**Exercise details**
Every line below from the one with "89㎡的3房2厅2卫,折后总" through the one with "专业还原角色魅力。紫黑长发、" should be retyped exactly, both ends included; no other lines and no pictures.

Supplied material Block Start

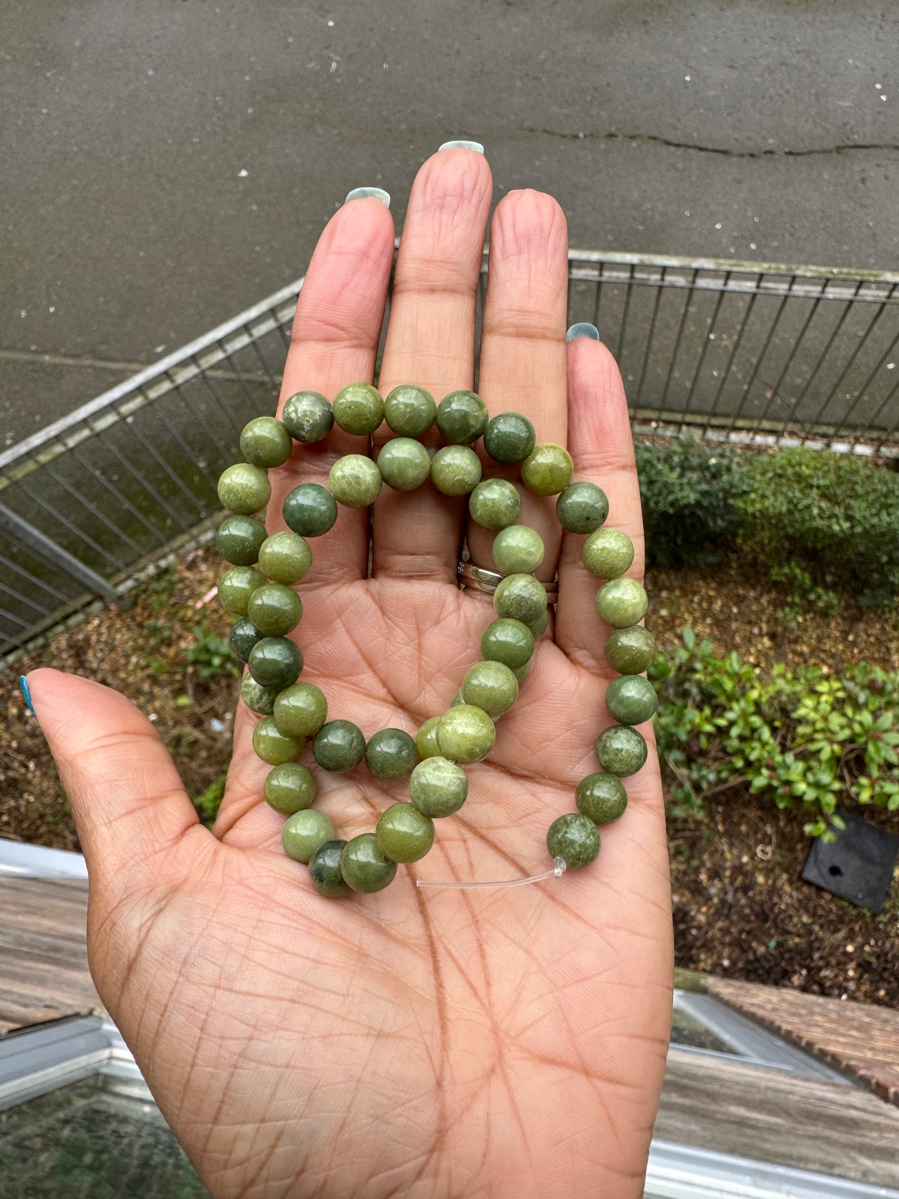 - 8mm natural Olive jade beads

Supplied material Block End
Supplied material Block Start

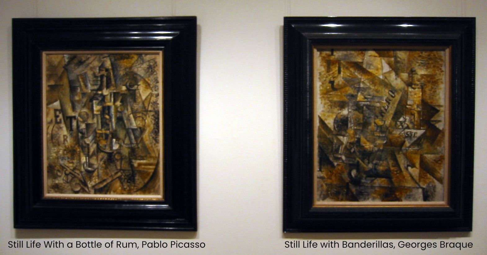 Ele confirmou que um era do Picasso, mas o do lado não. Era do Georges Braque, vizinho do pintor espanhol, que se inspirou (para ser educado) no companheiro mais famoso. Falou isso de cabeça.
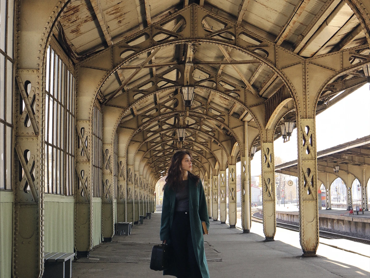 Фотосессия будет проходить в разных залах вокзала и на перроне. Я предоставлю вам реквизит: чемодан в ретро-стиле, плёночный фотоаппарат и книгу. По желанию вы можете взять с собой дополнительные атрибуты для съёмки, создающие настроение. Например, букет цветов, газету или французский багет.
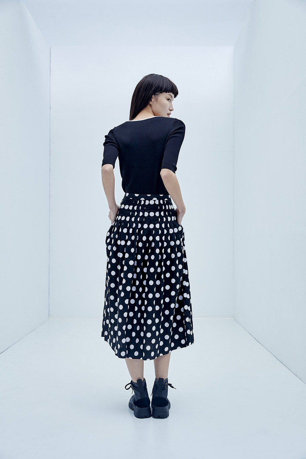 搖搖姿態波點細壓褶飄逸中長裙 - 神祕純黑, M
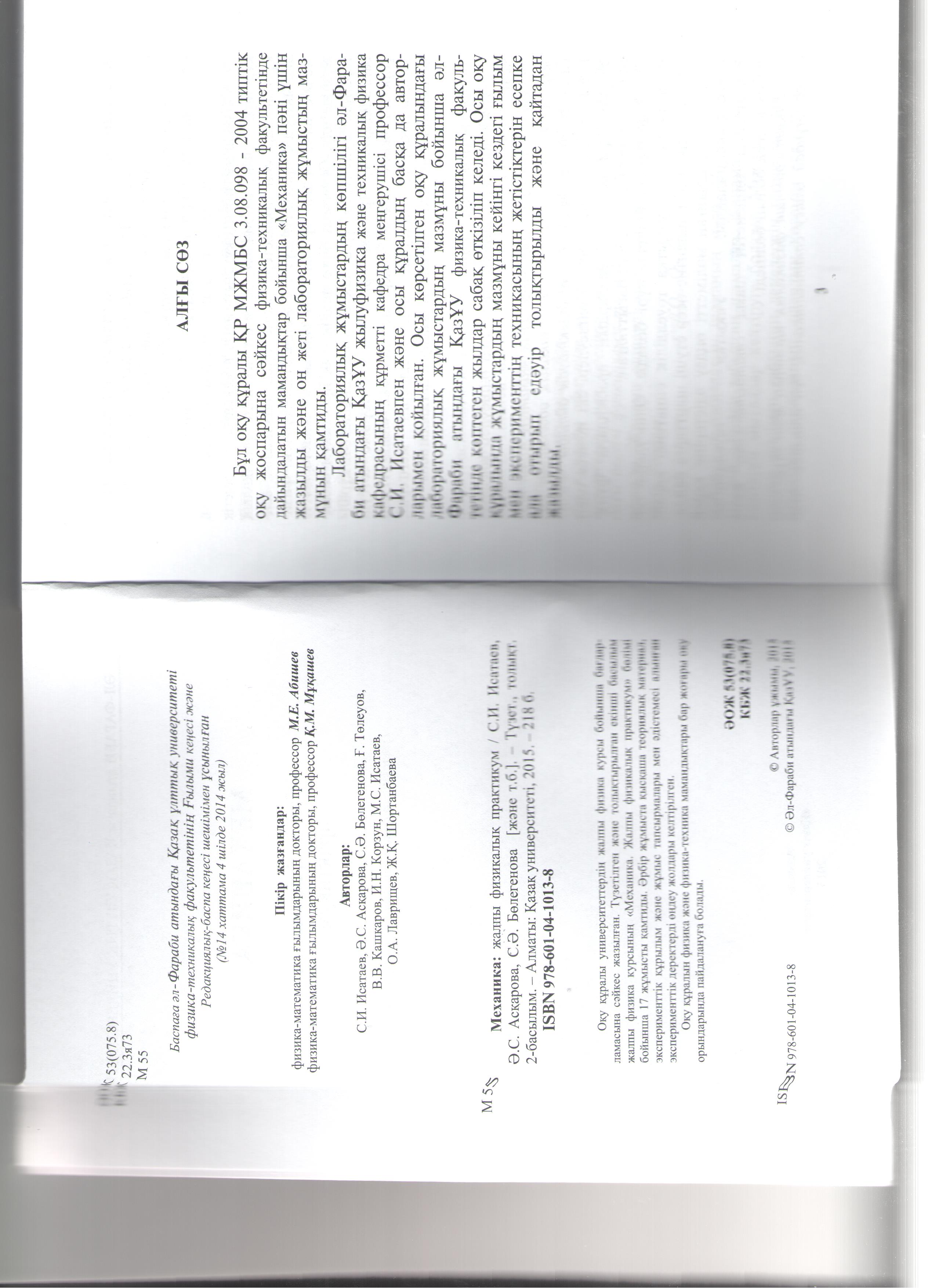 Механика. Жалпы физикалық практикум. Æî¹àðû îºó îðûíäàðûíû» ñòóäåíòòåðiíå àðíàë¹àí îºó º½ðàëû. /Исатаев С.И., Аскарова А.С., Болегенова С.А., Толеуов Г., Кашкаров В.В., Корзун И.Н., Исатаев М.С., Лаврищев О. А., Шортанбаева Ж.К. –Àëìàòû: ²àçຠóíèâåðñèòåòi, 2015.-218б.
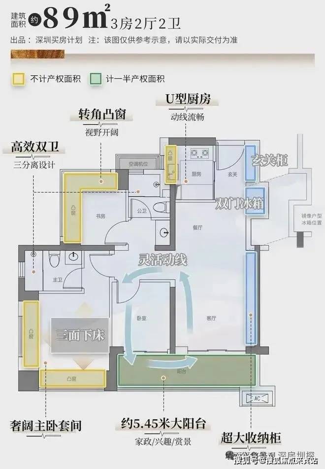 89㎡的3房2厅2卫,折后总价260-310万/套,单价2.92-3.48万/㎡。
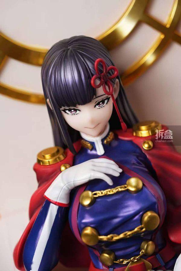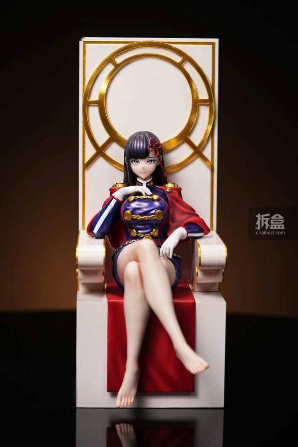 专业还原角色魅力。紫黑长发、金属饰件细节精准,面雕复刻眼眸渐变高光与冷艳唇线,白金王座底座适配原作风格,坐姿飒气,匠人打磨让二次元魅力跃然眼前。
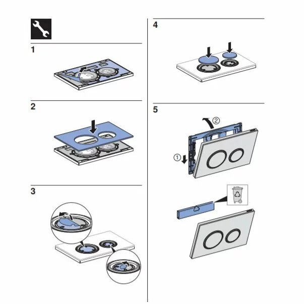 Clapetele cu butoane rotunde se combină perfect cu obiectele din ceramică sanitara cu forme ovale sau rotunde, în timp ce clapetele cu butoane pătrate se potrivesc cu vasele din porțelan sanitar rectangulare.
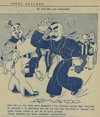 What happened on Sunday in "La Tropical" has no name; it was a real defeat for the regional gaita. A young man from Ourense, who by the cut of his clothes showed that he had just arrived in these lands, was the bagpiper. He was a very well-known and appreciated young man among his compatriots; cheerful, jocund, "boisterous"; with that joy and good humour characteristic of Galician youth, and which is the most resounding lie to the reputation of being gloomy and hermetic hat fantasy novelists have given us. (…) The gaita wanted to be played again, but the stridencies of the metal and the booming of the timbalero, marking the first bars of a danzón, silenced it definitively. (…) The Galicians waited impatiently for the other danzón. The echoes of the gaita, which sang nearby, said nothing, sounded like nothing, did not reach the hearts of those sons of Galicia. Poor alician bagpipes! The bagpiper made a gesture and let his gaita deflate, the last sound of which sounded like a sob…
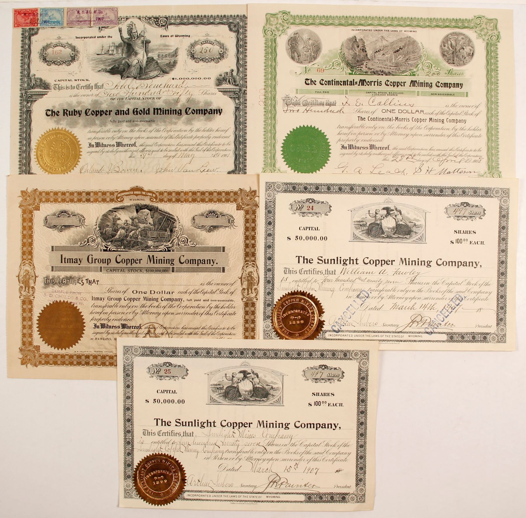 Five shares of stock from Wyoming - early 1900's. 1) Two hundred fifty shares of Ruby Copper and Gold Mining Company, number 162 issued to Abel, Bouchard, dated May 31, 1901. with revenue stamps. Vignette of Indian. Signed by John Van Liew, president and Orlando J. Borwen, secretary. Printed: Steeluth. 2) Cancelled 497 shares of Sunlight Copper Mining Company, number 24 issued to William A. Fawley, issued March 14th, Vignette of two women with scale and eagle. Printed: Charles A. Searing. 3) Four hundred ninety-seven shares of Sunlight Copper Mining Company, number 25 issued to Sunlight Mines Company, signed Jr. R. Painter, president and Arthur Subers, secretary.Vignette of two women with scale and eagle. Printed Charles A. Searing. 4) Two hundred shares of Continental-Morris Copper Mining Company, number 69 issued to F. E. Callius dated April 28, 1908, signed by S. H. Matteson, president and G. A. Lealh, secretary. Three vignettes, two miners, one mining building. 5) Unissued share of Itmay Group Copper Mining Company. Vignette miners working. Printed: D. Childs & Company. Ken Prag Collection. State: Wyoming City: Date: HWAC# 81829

Supplied material Block End

**Answer to this problem**
 89㎡的3房2厅2卫,折后总价260-310万/套,单价2.92-3.48万/㎡。
 专业还原角色魅力。紫黑长发、金属饰件细节精准,面雕复刻眼眸渐变高光与冷艳唇线,白金王座底座适配原作风格,坐姿飒气,匠人打磨让二次元魅力跃然眼前。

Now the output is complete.